Start of Block

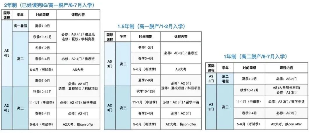 一年脱产ALevel课程的学习模式对大部分同学来说还是比较困难的,所以如果来不及转轨国际高中,可以直接在G11选择脱产ALevel课程,时间线规划和转轨国际高中差不多。
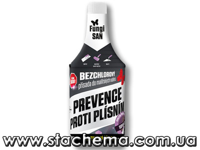 FungiSAN бесхлорный – это противоплесневая, антибактериальная и алгицидная (против зеленых водорослей на поверхностях) жидкая добавка, добавляется к водорастворимым малярных краскам и кровельным материалам, минеральным строительным материалам. Может применяться в жилых и нежилых помещениях, заведениях питания, помещениях промышленного и общественного назначения в интерьере и экстерьере. Средство эффективно и в местах с экстремальными условиями (например кухни, прачечные, бани и других). Товар производится в Чехии, разрешено для использования в Украине, о чем есть соответствующие документы. Официальный представитель чешского производителя, без посредников. Расход: Из 1 кг концентрата можно обработать 50 - 100 кв.м поверхности, в зависимости от расхода материала, которым проводится покрытия (работа). Поставляется в таре по 0,5 л. Доставка товара осуществляется по всей территории Украины службой экспресс-доставки Новая Почта, оплата - при получении товара.
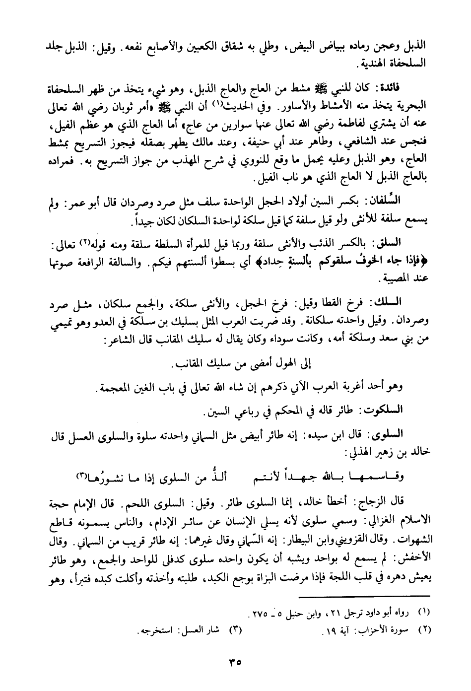 قال ابن سيده: إنه طائر أبيض مثل السماني واحدته سلوة والسلوى العسل قال خالد بن زهير الهذلي:
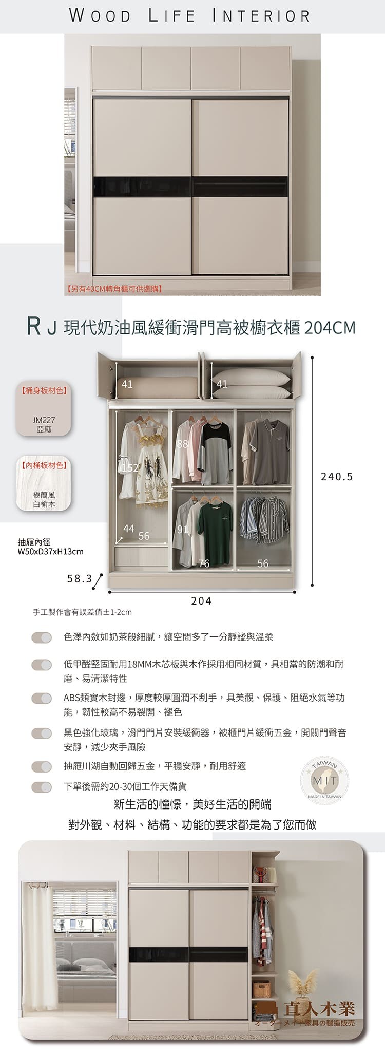 【歐風別館】秋楓5*8尺白楓木色滑門四抽加高衣櫃【棉被櫃】【基隆至台中免運費】
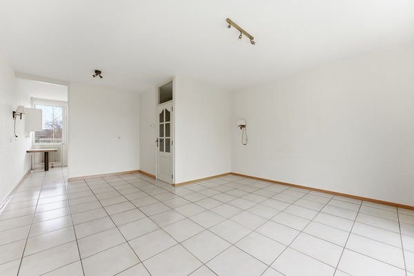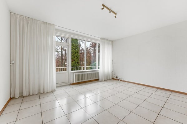 Woonkamer: De woonkamer is ruim van formaat en valt op door de grote raampartijen, die zorgen voor veel daglicht. Met gemak creëer je hier een royale zithoek met uitzicht op het groen en een eethoek plaats je richting de keuken. De ruimte is afgewerkt met een plavuizenvloer, granolwanden en een gestuukt plafond. Daarnaast biedt de woonkamer volop mogelijkheden om deze geheel naar eigen smaak te moderniseren. Via de deur stap je zo het balkon aan de achterzijde op.
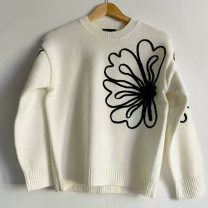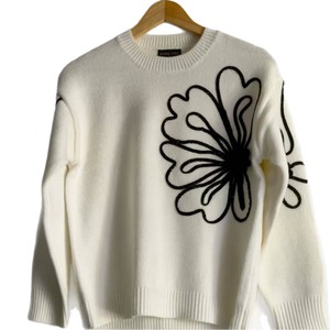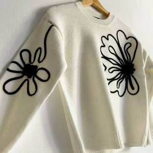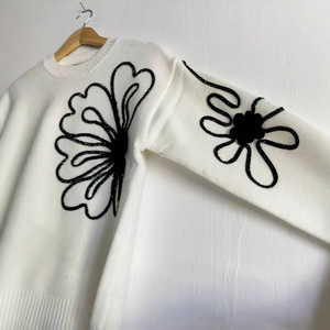 女士秋冬上衣跨境欧美女装简约刺绣花朵半高领长袖套头毛衣
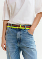ESSENTIEL ANTWERP Brown and yellow stacked slim contrast leather belt

End of Block

_TASK OBJECTIVE_
Pictures must be left out when the records are transcribed exactly.

_RESULT_
 一年脱产ALevel课程的学习模式对大部分同学来说还是比较困难的,所以如果来不及转轨国际高中,可以直接在G11选择脱产ALevel课程,时间线规划和转轨国际高中差不多。
 FungiSAN бесхлорный – это противоплесневая, антибактериальная и алгицидная (против зеленых водорослей на поверхностях) жидкая добавка, добавляется к водорастворимым малярных краскам и кровельным материалам, минеральным строительным материалам. Может применяться в жилых и нежилых помещениях, заведениях питания, помещениях промышленного и общественного назначения в интерьере и экстерьере. Средство эффективно и в местах с экстремальными условиями (например кухни, прачечные, бани и других). Товар производится в Чехии, разрешено для использования в Украине, о чем есть соответствующие документы. Официальный представитель чешского производителя, без посредников. Расход: Из 1 кг концентрата можно обработать 50 - 100 кв.м поверхности, в зависимости от расхода материала, которым проводится покрытия (работа). Поставляется в таре по 0,5 л. Доставка товара осуществляется по всей территории Украины службой экспресс-доставки Новая Почта, оплата - при получении товара.
 قال ابن سيده: إنه طائر أبيض مثل السماني واحدته سلوة والسلوى العسل قال خالد بن زهير الهذلي:
 【歐風別館】秋楓5*8尺白楓木色滑門四抽加高衣櫃【棉被櫃】【基隆至台中免運費】
 Woonkamer: De woonkamer is ruim van formaat en valt op door de grote raampartijen, die zorgen voor veel daglicht. Met gemak creëer je hier een royale zithoek met uitzicht op het groen en een eethoek plaats je richting de keuken. De ruimte is afgewerkt met een plavuizenvloer, granolwanden en een gestuukt plafond. Daarnaast biedt de woonkamer volop mogelijkheden om deze geheel naar eigen smaak te moderniseren. Via de deur stap je zo het balkon aan de achterzijde op.
 女士秋冬上衣跨境欧美女装简约刺绣花朵半高领长袖套头毛衣
ESSENTIEL ANTWERP Brown and yellow stacked slim contrast leather belt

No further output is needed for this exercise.